CO Mapping: CO1, CO2, CO5

Theory

Covariance measures how two variables move together. For samples it is defined as

cov(X, Y) = Σ (xᵢ − x̄)(yᵢ − ȳ) / (n − 1)

Each term pairs X's deviation from its mean with Y's deviation from its mean. When both deviations share a sign (both above or both below their means) the product is positive; opposite signs give negative products. So the sign of covariance is fully interpretable: positive → the variables rise together, negative → one rises as the other falls, near zero → no linear co-movement.

The magnitude, however, is nearly uninterpretable, and that is the key limitation this practical exposes. Covariance carries the product of the units of X and Y (cm × kg, marks²…), so its size changes if you merely rescale a variable — measure X in metres instead of centimetres and the covariance shrinks 100-fold while the relationship itself is unchanged. There is no fixed "large" or "small". This is exactly the defect the Pearson correlation of Practical 12 repairs: dividing by σ_X σ_Y cancels the units and pins the result into [−1, 1].

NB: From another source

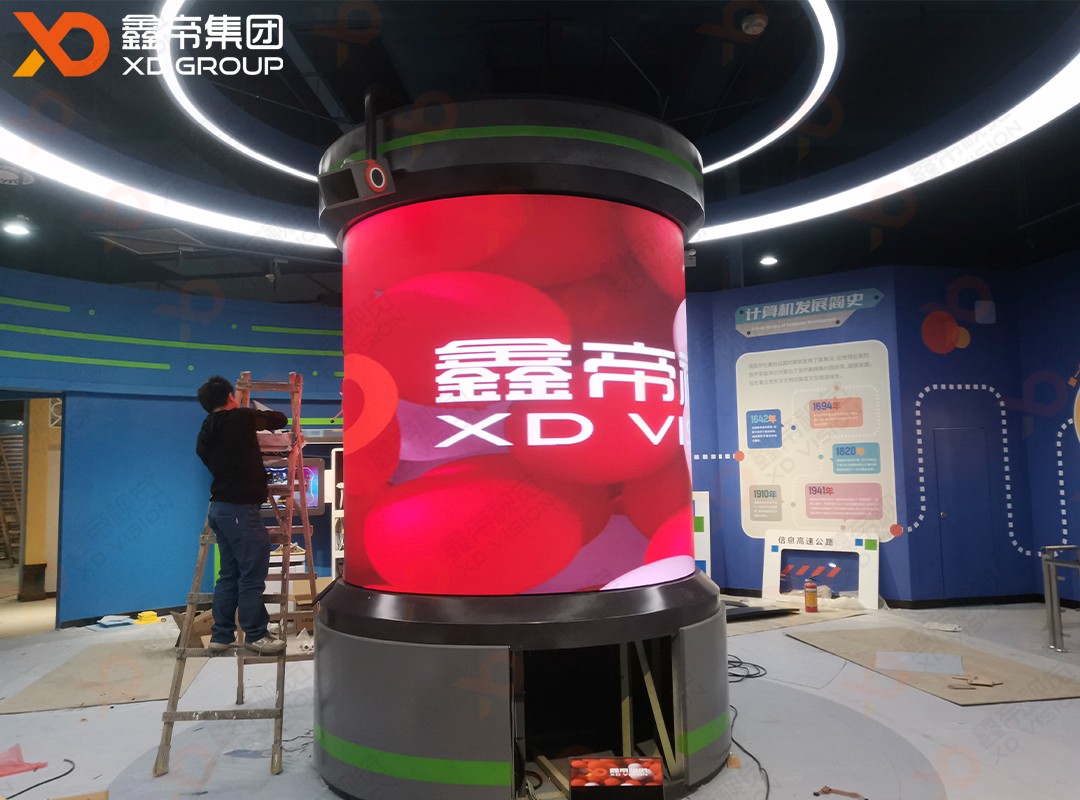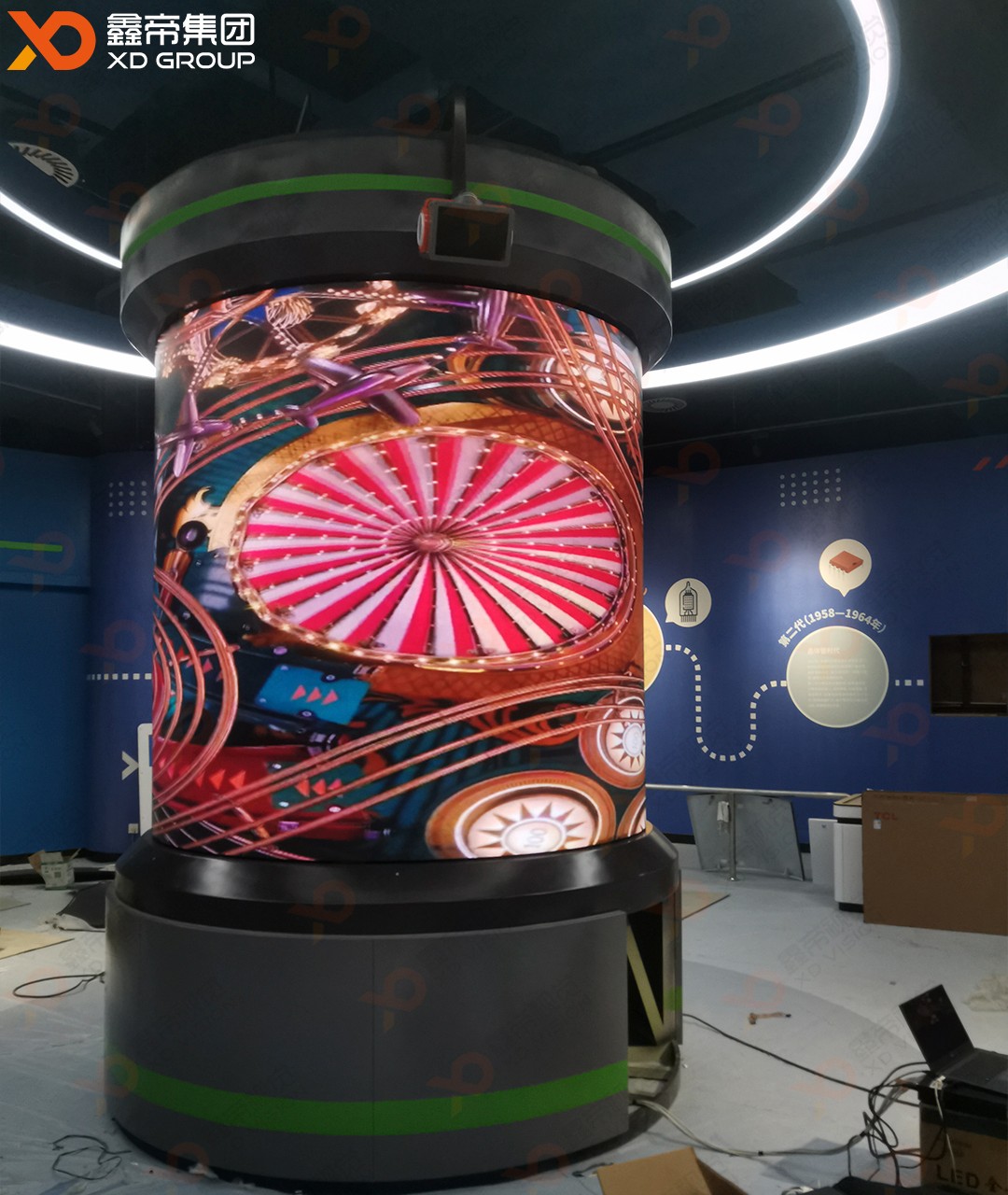 緊接著,直徑2米的LED圓柱屏以其獨(dú)特的魅力吸引了眾多目光。圓柱屏的設(shè)計(jì)靈感源自對(duì)空間利用的極致思考,它不僅滿足了信息顯示的需求,更以其流線型的外觀,為博物館增添了一份現(xiàn)代科技感。無論是在播放科普知識(shí)、歷史回顧,還是作為裝飾性元素,都能完美融入環(huán)境,為參觀者帶來全新的視覺體驗(yàn)。鑫帝集團(tuán)通過精湛的工藝和創(chuàng)新的思維,將實(shí)用性與美觀性巧妙結(jié)合,再次證明了其在LED異形屏定制領(lǐng)域的深厚底蘊(yùn)。

The divisor n − 1 (ddof=1) is Bessel's correction: sample deviations are measured from the sample mean, which is itself fitted to the data, consuming one degree of freedom; dividing by n would systematically underestimate the population covariance. Finally, np.cov(x, y) returns a 2 × 2 matrix, not a single number: the diagonal holds Var(X) and Var(Y) (a variable's covariance with itself is its variance), and the two off-diagonal cells both hold cov(X, Y) — the matrix is symmetric.

Dataset

IndexXY
01222
11525
21828
32131
42435
52736

Means: x̄ = 117 / 6 = 19.5, ȳ = 177 / 6 = 29.5.

Procedure

  1. Define x and y as float NumPy arrays of 6 values each and wrap them in the DataFrame df for a clean printout.
  2. Print the data table.
  3. Compute cov_matrix = np.cov(df["X"], df["Y"], ddof=1) — a 2 × 2 sample covariance matrix.
  4. Print the matrix and identify its parts: [0, 0] is Var(X), [1, 1] is Var(Y), and [0, 1] = [1, 0] is cov(X, Y).
  5. Extract cov_xy = cov_matrix[0, 1] and print it rounded to 4 decimals.

Interpretation of Results

Working the formula by hand: the X deviations from 19.5 are (−7.5, −4.5, −1.5, 1.5, 4.5, 7.5) and the Y deviations from 29.5 are (−7.5, −4.5, −1.5, 1.5, 5.5, 6.5). Every pair shares its sign, so all six products are positive: 56.25 + 20.25 + 2.25 + 2.25 + 24.75 + 48.75 = 154.5, and cov(X, Y) = 154.5 / 5 = 30.9 — matching the program's output. The full printed matrix is [[31.5, 30.9], [30.9, 30.7]]: Var(X) = 31.5 and Var(Y) = 30.7 on the diagonal. The positive 30.9 confirms X and Y climb together — visible in the raw data, where Y increases in near-lockstep as X steps up by 3. But is 30.9 "strong"? Covariance alone cannot say; normalising gives r = 30.9 / √(31.5 × 30.7) ≈ 0.9937, revealing an almost perfectly linear relationship. The pair of numbers — cov = 30.9, r = 0.99 — is the whole lesson: covariance detects the direction, correlation quantifies the strength.

Common Mistakes

  1. Reporting the whole matrix (or the diagonal variance 31.5) as "the covariance" — cov(X, Y) is specifically the off-diagonal element cov_matrix[0, 1].
  2. Judging relationship strength from covariance magnitude — 30.9 is unit-dependent and would change under any rescaling; use correlation for strength.
  3. Using ddof=0 (population divisor n) for sample data — it biases the estimate low; sample statistics need Bessel's n − 1.

🎯 Viva Questions

  1. What does the sign of covariance tell you? Positive: variables move together; negative: they move oppositely; near zero: no linear co-movement.
  2. Why is covariance magnitude hard to interpret? It carries the product of the two variables' units and changes under rescaling, so there is no universal "large" value.
  3. What lies on the diagonal of np.cov(x, y)? The variances — Var(X) = 31.5 and Var(Y) = 30.7 here; a variable's covariance with itself is its variance.
  4. What is Bessel's correction and why divide by n − 1? Deviations are taken from the sample mean, which uses up one degree of freedom; dividing by n − 1 removes the resulting downward bias.
  5. How do you get correlation from this matrix? r = cov(X, Y) / √(Var(X) · Var(Y)) = 30.9 / √(31.5 × 30.7) ≈ 0.9937.
  6. Why is the covariance matrix symmetric? Because cov(X, Y) = cov(Y, X) — the deviation products are the same regardless of order.